## Task description
Output exactly the lines of the listing below that run from the line with "交易策略: 在7.0000之" through the line with "Chanel Grey Iridescent". No pictures.

## Provided material
-=-=-=-=-

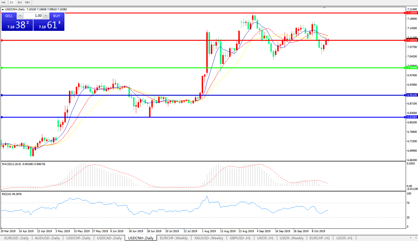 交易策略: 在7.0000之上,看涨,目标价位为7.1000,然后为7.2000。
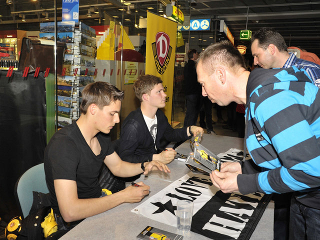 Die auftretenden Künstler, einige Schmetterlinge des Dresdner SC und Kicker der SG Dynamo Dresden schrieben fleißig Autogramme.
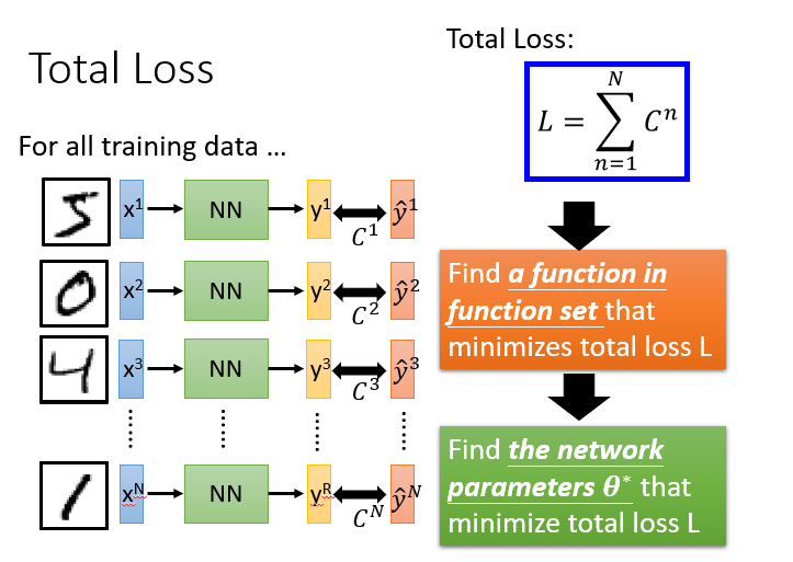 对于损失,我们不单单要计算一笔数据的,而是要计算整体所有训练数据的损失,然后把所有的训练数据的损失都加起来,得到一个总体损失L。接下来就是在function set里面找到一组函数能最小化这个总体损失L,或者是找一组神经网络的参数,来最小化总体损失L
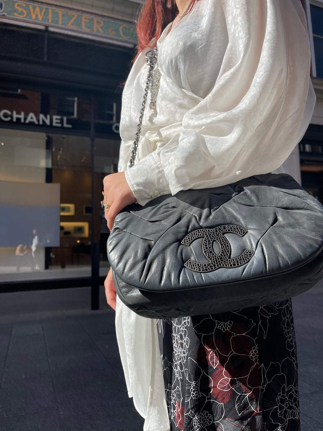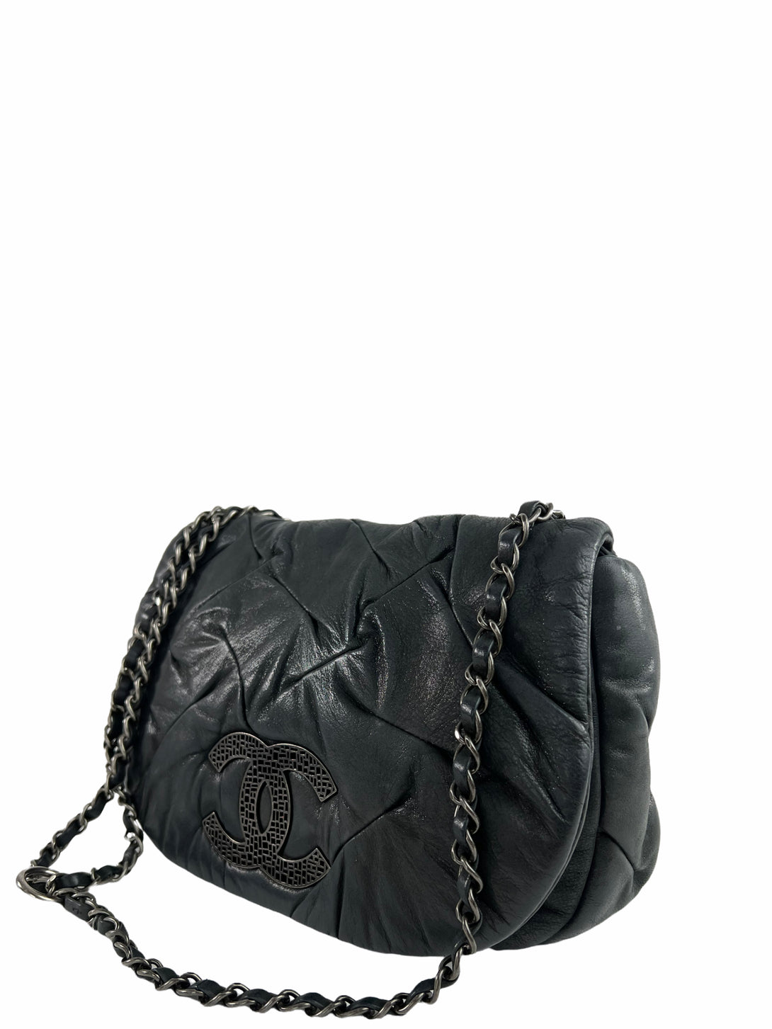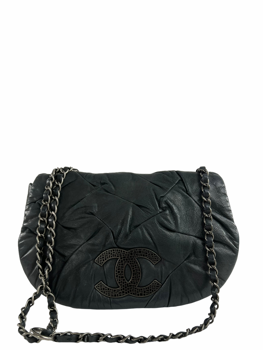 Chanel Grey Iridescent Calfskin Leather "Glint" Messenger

-=-=-=-=-

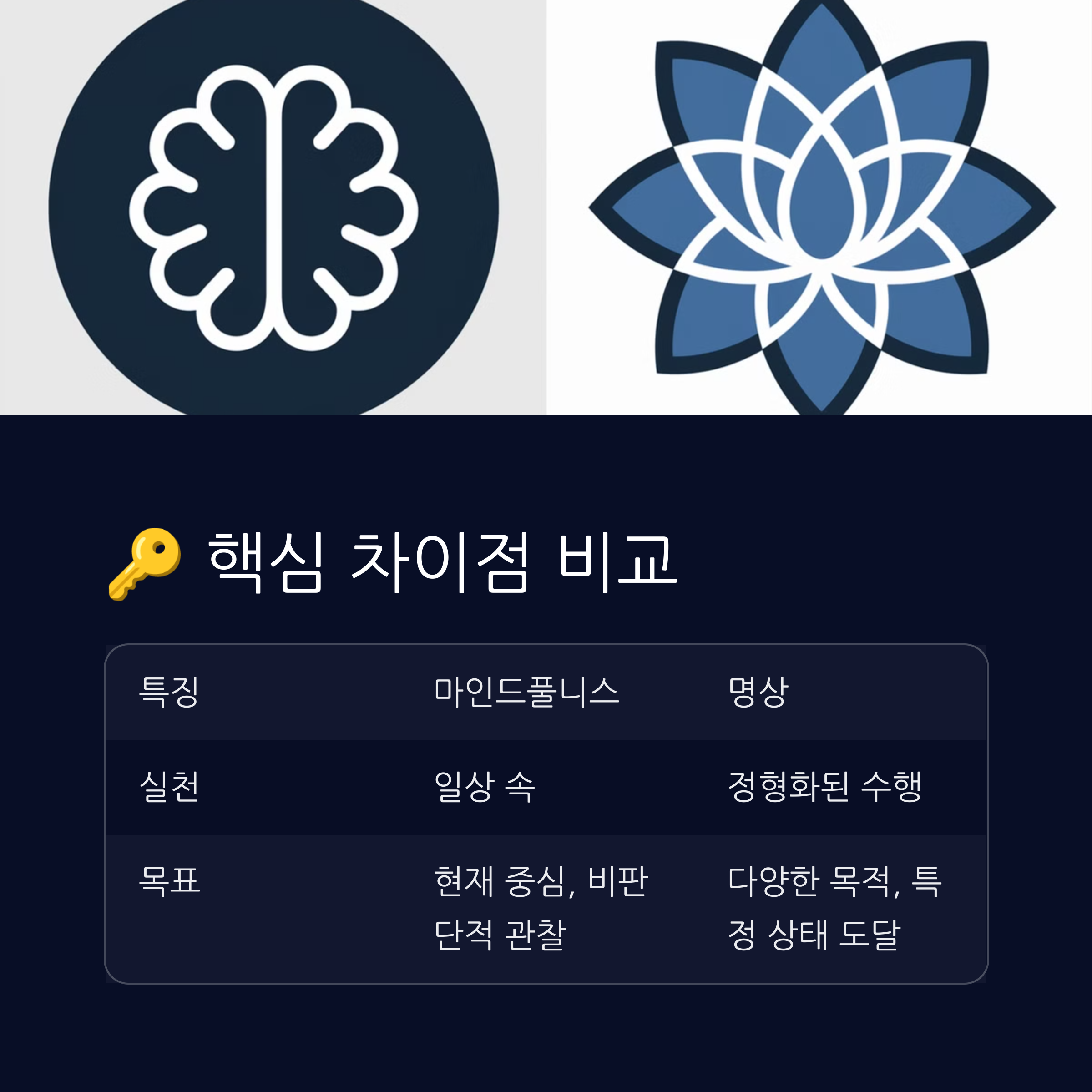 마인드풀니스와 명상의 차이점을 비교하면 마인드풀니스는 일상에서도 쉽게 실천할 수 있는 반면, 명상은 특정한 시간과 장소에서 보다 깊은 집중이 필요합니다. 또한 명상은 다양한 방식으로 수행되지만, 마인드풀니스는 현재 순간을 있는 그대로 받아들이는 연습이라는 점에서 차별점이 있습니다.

-=-=-=-=-

## Result of this exercise
 交易策略: 在7.0000之上,看涨,目标价位为7.1000,然后为7.2000。
 Die auftretenden Künstler, einige Schmetterlinge des Dresdner SC und Kicker der SG Dynamo Dresden schrieben fleißig Autogramme.
 对于损失,我们不单单要计算一笔数据的,而是要计算整体所有训练数据的损失,然后把所有的训练数据的损失都加起来,得到一个总体损失L。接下来就是在function set里面找到一组函数能最小化这个总体损失L,或者是找一组神经网络的参数,来最小化总体损失L
 Chanel Grey Iridescent Calfskin Leather "Glint" Messenger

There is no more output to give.